OSSIOFIBER CANNULATED TRIMMABLE FIXATION NAIL SYSTEM

MDR report key: 23677012 · Received November 30, 2025

Report

Report Number
3014554088-2025-00006
Event Type
Injury
Date Received
November 30, 2025
Date of Event
October 26, 2025
Report Date
November 30, 2025
Manufacturer
OSSIO LTD.
Product Code
OJH
UDI-DI
07290017630137
Adverse Event
Yes
Report Source
Manufacturer report
Reporter Location
GA, US
Reporter Occupation
PHYSICIAN
Health Professional
Yes

Narratives

Additional Manufacturer Narrative · 0

COMPANY WAS NOTIFIED OF REMOVAL PROCEDURE. ORIGINAL SURGERY INCLUDED 3 IMPLANTS IN THE 2ND,3RD AND 4TH TOES. THE IMPLANT FROM THE 2ND TOE WAS REMOVED IN OFFICE 2 MONTHS FOLLOWING IMPLANTATION, THE OTHERS WERE REMOVED ABOUT 2 WEEKS AFTER, IN THE OR. A PRODUCT INVESTIGATION WAS PERFORMED FOR ALL 3 DEVICES IMPLANTED. NO IMAGING WAS PROVIDED. NO REPORT OF TRAUMA. EVENT OCCURRED ABOUT THE TIME THE PATIENT WAS BACK TO NORMAL ACTIVITY LEVEL. NON-COMPLIANCE WAS NOT SUSPECTED. BASED ON INTERNAL ANALYSIS OF RECORDS AND PROCEDURES, THERE IS NO INDICATION OF A DESIGN, MANUFACTURING OR PROCESS ISSUE AFFECTING IMPLANT SAFETY OR EFFECTIVENESS. THE INVESTIGATION, INCLUDING THE SURGEON'S FEEDBACK, CONCLUDED THAT THIS EVENT WAS LIKELY THE OUTCOME OF AN INAPPROPRIATE IMPLANT SIZE SELECTION, USING AN IMPLANT TOO SMALL FOR THE PATIENT BONE ANATOMY, WHICH RESULTED IN AN UNSTABLE IMPLANTATION SITE. SWELLING WAS ATTRIBUTED TO UNSTABLE FIXATION OF THE SURGICAL SITE. THE INSTRUCTIONS FOR USE INCLUDE PRECAUTIONS AND RECOMMENDATIONS FOR THE SELECTION OF APPROPRIATE SURGICAL TECHNIQUE, IMPLANT SIZE, CONFIGURATION, AND SURGICAL SITE PREPARATION. UNSTABLE FIXATION IS A KNOWN INHERENT RISK OF THE DEVICE AND SURGICAL PROCEDURE. ALTHOUGH THE COMPANY DOES NOT BELIEVE THAT THE DEVICE CAUSED OR CONTRIBUTED TO THE EVENT, AS AN IMPLANT REMOVAL SURGERY WAS PERFORMED, THIS EVENT IS BEING REPORTED OUT OF AN ABUNDANCE OF CAUTION. COMPANY CONTINUES TO MONITOR THESE EVENTS AS PART OF POST MARKET ACTIVITIES. ADDITIONAL REPORTS RELATING TO THIS EVENT ARE: # 3014554088-2025-00007/8, #3014323288-2025-00006/7/8.

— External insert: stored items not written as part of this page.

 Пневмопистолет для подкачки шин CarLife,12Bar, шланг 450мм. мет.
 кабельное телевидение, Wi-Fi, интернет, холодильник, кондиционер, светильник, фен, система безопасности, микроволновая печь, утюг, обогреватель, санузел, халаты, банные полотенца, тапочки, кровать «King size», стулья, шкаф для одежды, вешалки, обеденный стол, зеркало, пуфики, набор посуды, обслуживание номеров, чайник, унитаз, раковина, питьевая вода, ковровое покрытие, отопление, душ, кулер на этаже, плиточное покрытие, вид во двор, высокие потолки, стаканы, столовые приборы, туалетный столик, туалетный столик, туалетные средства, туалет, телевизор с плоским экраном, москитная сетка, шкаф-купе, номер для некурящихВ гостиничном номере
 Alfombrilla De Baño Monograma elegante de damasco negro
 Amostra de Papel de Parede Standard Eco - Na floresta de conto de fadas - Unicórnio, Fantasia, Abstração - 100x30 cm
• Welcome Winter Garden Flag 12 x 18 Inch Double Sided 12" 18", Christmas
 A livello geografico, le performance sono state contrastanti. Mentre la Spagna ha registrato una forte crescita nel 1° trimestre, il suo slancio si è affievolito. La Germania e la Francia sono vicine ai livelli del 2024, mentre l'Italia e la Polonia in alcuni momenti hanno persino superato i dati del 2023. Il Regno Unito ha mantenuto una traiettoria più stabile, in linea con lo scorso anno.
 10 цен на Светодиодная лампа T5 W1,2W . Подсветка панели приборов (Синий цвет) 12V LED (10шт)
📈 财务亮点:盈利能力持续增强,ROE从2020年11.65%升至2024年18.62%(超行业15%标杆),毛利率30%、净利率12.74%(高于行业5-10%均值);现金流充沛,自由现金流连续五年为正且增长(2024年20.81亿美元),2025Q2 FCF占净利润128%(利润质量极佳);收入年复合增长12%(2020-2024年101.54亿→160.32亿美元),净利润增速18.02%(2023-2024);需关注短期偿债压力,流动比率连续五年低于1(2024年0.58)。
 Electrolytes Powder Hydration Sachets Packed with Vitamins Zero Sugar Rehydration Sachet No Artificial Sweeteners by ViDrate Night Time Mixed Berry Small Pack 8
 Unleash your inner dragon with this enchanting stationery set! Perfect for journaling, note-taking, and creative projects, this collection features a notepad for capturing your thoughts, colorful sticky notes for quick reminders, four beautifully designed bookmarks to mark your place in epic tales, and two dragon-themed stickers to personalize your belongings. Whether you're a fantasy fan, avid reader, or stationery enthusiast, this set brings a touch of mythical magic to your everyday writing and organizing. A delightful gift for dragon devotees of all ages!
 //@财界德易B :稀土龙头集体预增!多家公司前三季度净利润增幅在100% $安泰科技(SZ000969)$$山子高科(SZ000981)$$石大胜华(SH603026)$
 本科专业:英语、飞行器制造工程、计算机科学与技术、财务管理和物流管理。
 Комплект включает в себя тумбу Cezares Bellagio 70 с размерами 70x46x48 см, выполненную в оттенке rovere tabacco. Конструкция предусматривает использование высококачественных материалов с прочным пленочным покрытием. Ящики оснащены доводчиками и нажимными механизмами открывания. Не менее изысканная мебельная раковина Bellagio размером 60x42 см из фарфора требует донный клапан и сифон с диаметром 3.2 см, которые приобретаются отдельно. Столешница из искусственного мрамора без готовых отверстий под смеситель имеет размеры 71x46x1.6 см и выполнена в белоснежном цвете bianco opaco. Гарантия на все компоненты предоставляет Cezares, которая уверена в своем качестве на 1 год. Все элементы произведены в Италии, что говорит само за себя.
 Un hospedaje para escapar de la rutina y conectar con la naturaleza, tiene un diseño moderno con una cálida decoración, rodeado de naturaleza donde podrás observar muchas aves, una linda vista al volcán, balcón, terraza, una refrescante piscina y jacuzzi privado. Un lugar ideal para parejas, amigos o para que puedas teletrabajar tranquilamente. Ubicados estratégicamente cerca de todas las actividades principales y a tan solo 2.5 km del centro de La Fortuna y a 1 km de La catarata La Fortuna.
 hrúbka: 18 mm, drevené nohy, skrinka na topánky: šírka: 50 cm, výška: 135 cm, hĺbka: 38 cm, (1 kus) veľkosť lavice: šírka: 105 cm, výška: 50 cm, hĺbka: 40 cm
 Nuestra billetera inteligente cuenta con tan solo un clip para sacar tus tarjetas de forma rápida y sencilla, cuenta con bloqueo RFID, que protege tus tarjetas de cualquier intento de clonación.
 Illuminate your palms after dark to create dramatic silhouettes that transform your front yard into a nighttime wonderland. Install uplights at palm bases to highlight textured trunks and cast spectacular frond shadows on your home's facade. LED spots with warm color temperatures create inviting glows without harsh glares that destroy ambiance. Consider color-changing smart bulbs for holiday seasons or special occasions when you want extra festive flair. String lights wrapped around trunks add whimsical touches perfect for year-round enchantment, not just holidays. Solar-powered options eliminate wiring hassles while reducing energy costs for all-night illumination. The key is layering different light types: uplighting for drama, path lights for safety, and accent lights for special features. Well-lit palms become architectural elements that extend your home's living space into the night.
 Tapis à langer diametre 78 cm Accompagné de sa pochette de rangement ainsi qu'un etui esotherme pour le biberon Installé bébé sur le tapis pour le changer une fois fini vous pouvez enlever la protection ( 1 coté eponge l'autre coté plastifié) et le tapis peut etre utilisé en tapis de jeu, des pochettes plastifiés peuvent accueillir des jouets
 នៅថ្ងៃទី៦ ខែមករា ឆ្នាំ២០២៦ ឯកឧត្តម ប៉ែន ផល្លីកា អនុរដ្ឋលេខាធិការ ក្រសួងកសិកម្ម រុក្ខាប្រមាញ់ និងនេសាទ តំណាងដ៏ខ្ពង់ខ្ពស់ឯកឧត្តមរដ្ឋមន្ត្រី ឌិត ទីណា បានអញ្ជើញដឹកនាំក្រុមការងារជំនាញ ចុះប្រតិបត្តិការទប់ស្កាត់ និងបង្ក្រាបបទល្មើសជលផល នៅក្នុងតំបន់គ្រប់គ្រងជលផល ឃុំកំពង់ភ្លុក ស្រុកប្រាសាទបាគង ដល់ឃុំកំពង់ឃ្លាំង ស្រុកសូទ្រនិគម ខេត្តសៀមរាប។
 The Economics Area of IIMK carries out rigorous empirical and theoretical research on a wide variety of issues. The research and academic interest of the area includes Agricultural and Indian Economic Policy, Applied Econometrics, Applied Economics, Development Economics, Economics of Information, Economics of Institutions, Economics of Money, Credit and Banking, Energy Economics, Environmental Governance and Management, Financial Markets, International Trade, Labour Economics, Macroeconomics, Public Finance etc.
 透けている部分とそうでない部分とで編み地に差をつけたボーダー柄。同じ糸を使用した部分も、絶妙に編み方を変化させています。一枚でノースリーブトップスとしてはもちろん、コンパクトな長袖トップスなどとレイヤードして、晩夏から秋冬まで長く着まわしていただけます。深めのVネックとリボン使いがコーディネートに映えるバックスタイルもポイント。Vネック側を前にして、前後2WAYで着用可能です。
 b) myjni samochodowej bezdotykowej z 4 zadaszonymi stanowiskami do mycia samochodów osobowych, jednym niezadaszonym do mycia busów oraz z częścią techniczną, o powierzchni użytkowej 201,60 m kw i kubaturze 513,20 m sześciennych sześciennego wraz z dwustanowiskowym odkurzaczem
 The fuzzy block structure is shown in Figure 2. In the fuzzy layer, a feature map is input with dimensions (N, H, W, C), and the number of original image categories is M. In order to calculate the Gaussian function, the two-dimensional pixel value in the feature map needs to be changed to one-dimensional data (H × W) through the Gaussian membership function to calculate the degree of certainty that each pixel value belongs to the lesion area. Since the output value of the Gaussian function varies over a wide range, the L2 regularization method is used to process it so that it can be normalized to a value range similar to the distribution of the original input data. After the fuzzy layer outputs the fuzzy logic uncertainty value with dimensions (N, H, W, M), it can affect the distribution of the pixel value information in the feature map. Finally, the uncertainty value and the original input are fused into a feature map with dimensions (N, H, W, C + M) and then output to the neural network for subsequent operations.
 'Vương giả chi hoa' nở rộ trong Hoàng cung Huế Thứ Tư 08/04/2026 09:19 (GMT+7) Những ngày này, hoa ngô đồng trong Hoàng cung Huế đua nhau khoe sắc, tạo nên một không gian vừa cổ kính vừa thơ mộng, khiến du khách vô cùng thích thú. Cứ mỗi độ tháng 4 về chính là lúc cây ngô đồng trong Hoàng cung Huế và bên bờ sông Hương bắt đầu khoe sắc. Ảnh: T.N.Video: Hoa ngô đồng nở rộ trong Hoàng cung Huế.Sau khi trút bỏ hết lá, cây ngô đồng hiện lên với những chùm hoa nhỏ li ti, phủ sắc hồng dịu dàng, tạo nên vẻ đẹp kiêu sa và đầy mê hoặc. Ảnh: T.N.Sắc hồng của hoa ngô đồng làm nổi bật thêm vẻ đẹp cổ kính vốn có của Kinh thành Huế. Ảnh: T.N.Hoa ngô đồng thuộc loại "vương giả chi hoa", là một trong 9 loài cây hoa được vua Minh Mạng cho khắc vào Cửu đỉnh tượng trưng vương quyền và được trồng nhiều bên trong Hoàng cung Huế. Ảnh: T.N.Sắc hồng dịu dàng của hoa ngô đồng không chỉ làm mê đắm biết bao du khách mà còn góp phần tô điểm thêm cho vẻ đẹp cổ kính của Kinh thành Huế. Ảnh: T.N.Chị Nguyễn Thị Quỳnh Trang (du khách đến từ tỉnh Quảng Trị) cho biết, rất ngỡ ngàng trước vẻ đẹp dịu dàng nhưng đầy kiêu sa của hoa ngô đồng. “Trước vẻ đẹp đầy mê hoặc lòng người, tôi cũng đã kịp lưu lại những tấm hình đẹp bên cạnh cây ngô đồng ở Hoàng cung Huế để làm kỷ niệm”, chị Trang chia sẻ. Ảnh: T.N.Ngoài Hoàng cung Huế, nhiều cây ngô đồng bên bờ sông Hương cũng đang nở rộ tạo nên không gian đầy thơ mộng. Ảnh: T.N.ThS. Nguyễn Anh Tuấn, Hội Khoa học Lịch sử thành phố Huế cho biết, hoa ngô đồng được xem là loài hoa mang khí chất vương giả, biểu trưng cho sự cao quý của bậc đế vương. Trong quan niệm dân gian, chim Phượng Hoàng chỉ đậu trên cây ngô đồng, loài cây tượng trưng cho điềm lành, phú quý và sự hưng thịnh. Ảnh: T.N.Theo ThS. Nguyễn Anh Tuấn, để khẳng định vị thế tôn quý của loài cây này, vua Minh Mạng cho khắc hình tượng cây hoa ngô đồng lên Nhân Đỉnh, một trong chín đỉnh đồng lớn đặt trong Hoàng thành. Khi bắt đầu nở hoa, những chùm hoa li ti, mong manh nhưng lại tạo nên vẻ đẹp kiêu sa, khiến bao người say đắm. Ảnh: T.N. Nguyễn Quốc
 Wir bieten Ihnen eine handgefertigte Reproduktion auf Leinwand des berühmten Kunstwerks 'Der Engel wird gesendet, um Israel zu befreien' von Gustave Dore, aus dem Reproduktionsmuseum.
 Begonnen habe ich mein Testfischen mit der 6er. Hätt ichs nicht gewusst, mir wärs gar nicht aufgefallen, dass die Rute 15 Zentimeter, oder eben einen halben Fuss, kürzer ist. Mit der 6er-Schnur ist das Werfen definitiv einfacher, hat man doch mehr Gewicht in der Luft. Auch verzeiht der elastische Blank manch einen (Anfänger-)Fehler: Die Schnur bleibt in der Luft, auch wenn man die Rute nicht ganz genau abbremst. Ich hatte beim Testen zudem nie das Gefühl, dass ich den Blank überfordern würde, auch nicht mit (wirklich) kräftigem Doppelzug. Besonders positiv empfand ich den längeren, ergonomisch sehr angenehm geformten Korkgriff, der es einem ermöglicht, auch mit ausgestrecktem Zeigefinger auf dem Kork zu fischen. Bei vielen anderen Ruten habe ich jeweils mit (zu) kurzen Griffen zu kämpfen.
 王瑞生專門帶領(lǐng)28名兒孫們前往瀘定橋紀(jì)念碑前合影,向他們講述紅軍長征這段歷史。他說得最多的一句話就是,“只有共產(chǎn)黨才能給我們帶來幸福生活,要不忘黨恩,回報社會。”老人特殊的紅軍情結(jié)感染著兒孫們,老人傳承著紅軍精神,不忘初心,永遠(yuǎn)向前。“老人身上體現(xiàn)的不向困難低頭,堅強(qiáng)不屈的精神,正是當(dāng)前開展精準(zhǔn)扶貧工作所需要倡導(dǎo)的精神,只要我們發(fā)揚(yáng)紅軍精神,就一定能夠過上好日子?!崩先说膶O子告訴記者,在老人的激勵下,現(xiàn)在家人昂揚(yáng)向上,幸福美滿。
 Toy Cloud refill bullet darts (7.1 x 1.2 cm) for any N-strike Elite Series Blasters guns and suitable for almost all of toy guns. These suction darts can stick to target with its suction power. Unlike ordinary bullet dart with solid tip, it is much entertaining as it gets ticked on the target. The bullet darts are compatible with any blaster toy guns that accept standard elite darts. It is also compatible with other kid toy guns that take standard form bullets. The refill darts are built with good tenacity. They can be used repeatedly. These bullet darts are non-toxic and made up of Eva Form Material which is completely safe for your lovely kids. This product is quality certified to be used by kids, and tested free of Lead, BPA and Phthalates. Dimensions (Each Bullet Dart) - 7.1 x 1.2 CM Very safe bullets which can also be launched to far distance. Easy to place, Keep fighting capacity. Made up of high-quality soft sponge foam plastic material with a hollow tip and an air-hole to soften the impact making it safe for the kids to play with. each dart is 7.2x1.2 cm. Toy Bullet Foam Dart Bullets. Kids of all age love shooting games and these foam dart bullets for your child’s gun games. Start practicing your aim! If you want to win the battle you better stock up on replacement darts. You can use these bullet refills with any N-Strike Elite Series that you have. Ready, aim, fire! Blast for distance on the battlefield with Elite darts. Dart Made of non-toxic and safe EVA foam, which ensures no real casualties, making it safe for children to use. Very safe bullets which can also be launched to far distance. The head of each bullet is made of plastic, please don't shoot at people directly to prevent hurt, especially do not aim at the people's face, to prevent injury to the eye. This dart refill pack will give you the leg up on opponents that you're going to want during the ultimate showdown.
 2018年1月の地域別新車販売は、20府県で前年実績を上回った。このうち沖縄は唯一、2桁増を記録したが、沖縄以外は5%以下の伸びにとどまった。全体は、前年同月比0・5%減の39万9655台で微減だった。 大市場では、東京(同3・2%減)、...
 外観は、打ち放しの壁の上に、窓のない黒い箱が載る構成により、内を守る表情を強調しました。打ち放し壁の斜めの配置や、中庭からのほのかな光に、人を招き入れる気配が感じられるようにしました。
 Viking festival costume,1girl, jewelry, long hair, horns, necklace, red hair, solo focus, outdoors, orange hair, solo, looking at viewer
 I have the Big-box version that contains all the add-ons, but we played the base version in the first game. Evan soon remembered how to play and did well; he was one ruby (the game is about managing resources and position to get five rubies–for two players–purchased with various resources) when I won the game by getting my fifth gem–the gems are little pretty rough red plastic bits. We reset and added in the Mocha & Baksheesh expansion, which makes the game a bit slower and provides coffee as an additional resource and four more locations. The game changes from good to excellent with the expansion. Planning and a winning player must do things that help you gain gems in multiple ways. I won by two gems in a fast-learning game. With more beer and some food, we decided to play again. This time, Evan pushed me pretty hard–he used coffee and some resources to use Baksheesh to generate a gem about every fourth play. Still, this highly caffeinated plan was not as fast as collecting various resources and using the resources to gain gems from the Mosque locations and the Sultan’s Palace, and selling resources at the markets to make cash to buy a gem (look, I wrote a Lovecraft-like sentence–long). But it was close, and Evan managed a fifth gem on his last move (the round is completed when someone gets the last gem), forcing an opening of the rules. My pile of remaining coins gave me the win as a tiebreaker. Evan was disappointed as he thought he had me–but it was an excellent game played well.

Description of Event or Problem · 0

IMPLANT REMOVAL DUE TO LOCAL TOE SWELLING 2 MONTHS FOLLOWING A HAMMERTOE CORRECTION PROCEDURE. CASE RESOLVED WITH NO ADDITIONAL INTERVENTION.

Devices

Seq Brand Generic Product Code Manufacturer Model Lot UDI-DI
2120385 OSSIOFIBER CANNULATED TRIMMABLE FIXATION NAIL SYSTEM ORTHOPEDIC TRAY OJH OSSIO LTD. OF2053050S OF04835 07290017630137

Patients

Seq Age Sex Outcome Treatment
1 70 YR Female Required Intervention OSSIOFIBER CANNULATED TRIMMABLE FIXATION NAIL SYS.| OSSIOFIBER CANNULATED TRIMMABLE FIXATION NAIL SYS.